= Stored data =
Start of Block

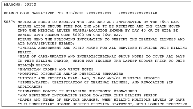 ADR OUTCOMES – Possible outcomes of the MR ADR include payment in full (P B9997), partial payment (P B9997), or a full denial (D B9997). Providers are notified of the payment determination via the FISS status/location, as well as their remittance advice. When a claim is denied with reason code 56900, indicating that the medical documentation was not received by CGS, or was not received timely, a "56900 reopening" may be requested within 120 days of denial to have the medical documentation reviewed by the Medical Review department, without utilizing the Medicare Appeals Process. All other denials for which the provider disagrees may be appealed using the Medicare Appeals Process.
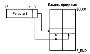 Поскольку микроконтроллеры AVR имеют 16-битную систему команд, объем памяти программ на рис. указан не в байтах, а в 16-битных словах. Символ «$» перед числом означает, что это число записано в шестнадцатеричной системе счисления.
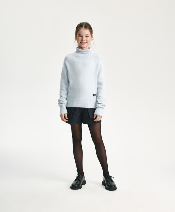 Синяя водолазка создана для лаконичных интеллигентных школьных образов девочки. Акцентная тесьма-бант из основного материала на высоком воротнике добавляет водолазке шарм, изысканность, деликатность. ... Показать описаниеБант можно завязать сбоку, посередине, а также собрать мягкие трикотажные ленты любым иным способом. В любом случае, водолазка будет элегантна, комфортна, пластична, приятна тактильно. Школьная водолазка отлично сочетается с сарафанами, юбками и брюками любой формы, легко вписываясь как в повседневные, так и в нарядные комплекты. 95% хлопок,5% эластан
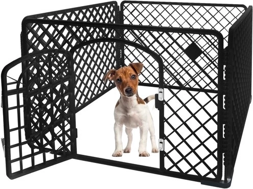 Praktisks un universāls aploks suņiem, kucēniem un mazajiem dzīvniekiem nodrošinās jūsu mīlulim drošu telpu mājās un dārzā. Pateicoties izturīgai PP plastmasas konstrukcijai un metāla savienojumiem, aploks ir stabils, izturīgs un viegli saliekams. Vārti ar drošu aizslēgšanu novērš patvaļīgu izkļūšanu, bet noapaļotie elementi palielina drošību lietošanas laikā. Ideāli piemērots treniņiem, atpūtai un mājokļa aprīkojuma aizsardzībai.

End of Block

Nothing but the text is wanted: repeat the data above exactly, without its images.

 ADR OUTCOMES – Possible outcomes of the MR ADR include payment in full (P B9997), partial payment (P B9997), or a full denial (D B9997). Providers are notified of the payment determination via the FISS status/location, as well as their remittance advice. When a claim is denied with reason code 56900, indicating that the medical documentation was not received by CGS, or was not received timely, a "56900 reopening" may be requested within 120 days of denial to have the medical documentation reviewed by the Medical Review department, without utilizing the Medicare Appeals Process. All other denials for which the provider disagrees may be appealed using the Medicare Appeals Process.
 Поскольку микроконтроллеры AVR имеют 16-битную систему команд, объем памяти программ на рис. указан не в байтах, а в 16-битных словах. Символ «$» перед числом означает, что это число записано в шестнадцатеричной системе счисления.
 Синяя водолазка создана для лаконичных интеллигентных школьных образов девочки. Акцентная тесьма-бант из основного материала на высоком воротнике добавляет водолазке шарм, изысканность, деликатность. ... Показать описаниеБант можно завязать сбоку, посередине, а также собрать мягкие трикотажные ленты любым иным способом. В любом случае, водолазка будет элегантна, комфортна, пластична, приятна тактильно. Школьная водолазка отлично сочетается с сарафанами, юбками и брюками любой формы, легко вписываясь как в повседневные, так и в нарядные комплекты. 95% хлопок,5% эластан
 Praktisks un universāls aploks suņiem, kucēniem un mazajiem dzīvniekiem nodrošinās jūsu mīlulim drošu telpu mājās un dārzā. Pateicoties izturīgai PP plastmasas konstrukcijai un metāla savienojumiem, aploks ir stabils, izturīgs un viegli saliekams. Vārti ar drošu aizslēgšanu novērš patvaļīgu izkļūšanu, bet noapaļotie elementi palielina drošību lietošanas laikā. Ideāli piemērots treniņiem, atpūtai un mājokļa aprīkojuma aizsardzībai.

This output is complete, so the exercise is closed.